I ran your exact versions of python packages on python 3.5.2. Didn't get an error. I got the following when adding those print statements:

Running Random forest . . . 0 16407 2 63 1 47 Name: gene, dtype: int64 1

Did you happen to change the training list of oncogenes and tumor suppressor genes (data/gene_lists/oncogenes.txt and data/gene_lists/tsgs.txt in the source code)? 0 here is passenger genes, 1 is the label for oncogenes, and 2 is the label for tumor suppressors.
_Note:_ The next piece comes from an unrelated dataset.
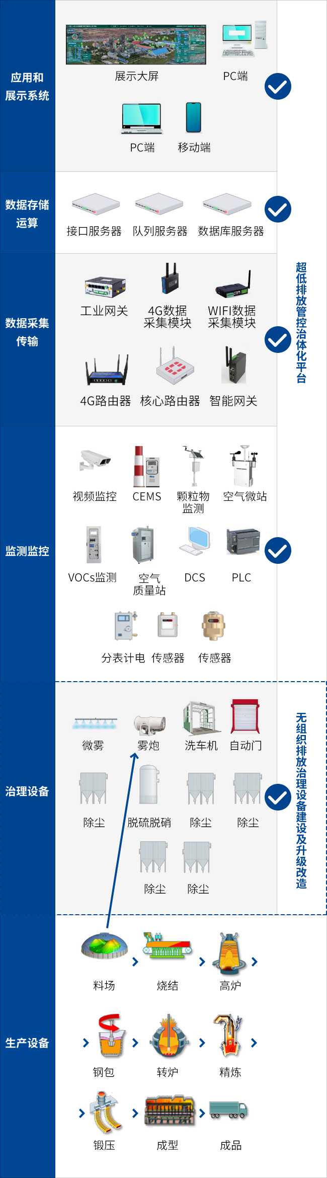 钢铁、焦化、水泥等重工业企业超低排放改造进度是当前政府部门限停产重要依据,也是提升企业环保管理水平的重要抓手。超低排放环保管控治一体化平台的建设是最能体现一个企业整体环境形象的关键要素。
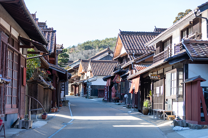 岡山に来たら、レンタカーで吉岡銅山まで足を伸ばしてみよう、こちらも三菱ゆかりの地だ。江戸から明治・大正時代にかけて栄えた吉岡銅山は、別子や足尾と並ぶ日本三大銅山の1つ。江戸時代前期に住友の泉屋吉左衛門が経営し、西日本有数の銅山に成長した。明治に入り岩崎彌太郎が買収し、巨大な資本力と近代西洋技術の導入により、国内屈指の銅山となった。吉岡銅山は三菱が手掛けた最初の金属鉱山であり、その後の全国の鉱山開発の規範となった。吉岡銅山は住友・三菱が関わったことで、2007年に経済産業省が選定する近代化産業遺産に登録された。銅山の周辺にある「吹屋」地区は赤い顔料「弁柄(べんがら)」と鉱山で栄え、赤褐色の瓦で覆われた屋根に格子や外壁も弁柄で塗られた家々が立ち並ぶ「赤い町並み」が広がる。全国でも珍しい景観として「吹屋ふるさと村」には春の時期に多くの観光客が訪れている。地元の神社の鳥居には三菱のマークが付けられている。

pradyumnasagar commented 7 years ago

I think I have changed data/gene_lists/oncogenes.txt and data/gene_lists/tsgs.txt files. I have restored them and checking it now. Suppose if I need to run 2020plus for my data do I need to keep same training list oncogenes.txt and tsgs.txt ?

pradyumnasagar commented 7 years ago

Output generated without plots.

[mallya@localhost pancan_example]$ python3 `which 2020plus.py` --out-dir=result_compare classify      -f features_pancan.txt      -nd simulated_null_dist.txt
Version: 1.1.0
Command: /home/mallya/Documents/2020/2020plus-1.1.0/2020plus.py --out-dir=result_compare classify -f features_pancan.txt -nd simulated_null_dist.txt
Running Random forest . . .
/home/mallya/Documents/2020/2020plus-1.1.0/src/utils/python/p_value.py:132: VisibleDeprecationWarning: using a non-integer number instead of an integer will result in an error in the future
  pval_adj = np.zeros(n)
Random forest significance test: 65 (39 novel) oncogenes, 109 (66 novel) tsg
FINISHED SUCCESSFULLY!
ctokheim commented 7 years ago

The two lists were established by cancer experts in the field. You don't need to modify the oncogenes.txt and tsgs.txt for your own data. Editing these were only meant for advanced users who are familiar with both machine learning and what cancer experts consider bona finde cancer driver genes. 20/20+ learns features that are signatures of oncogenes and tumor suppressor genes, so that it can predict whether a new mutated gene discovered in your data significantly looks like an oncogene or tumor suppressor gene.

In terms of plots, did you install matplotlib? It's an optional dependency.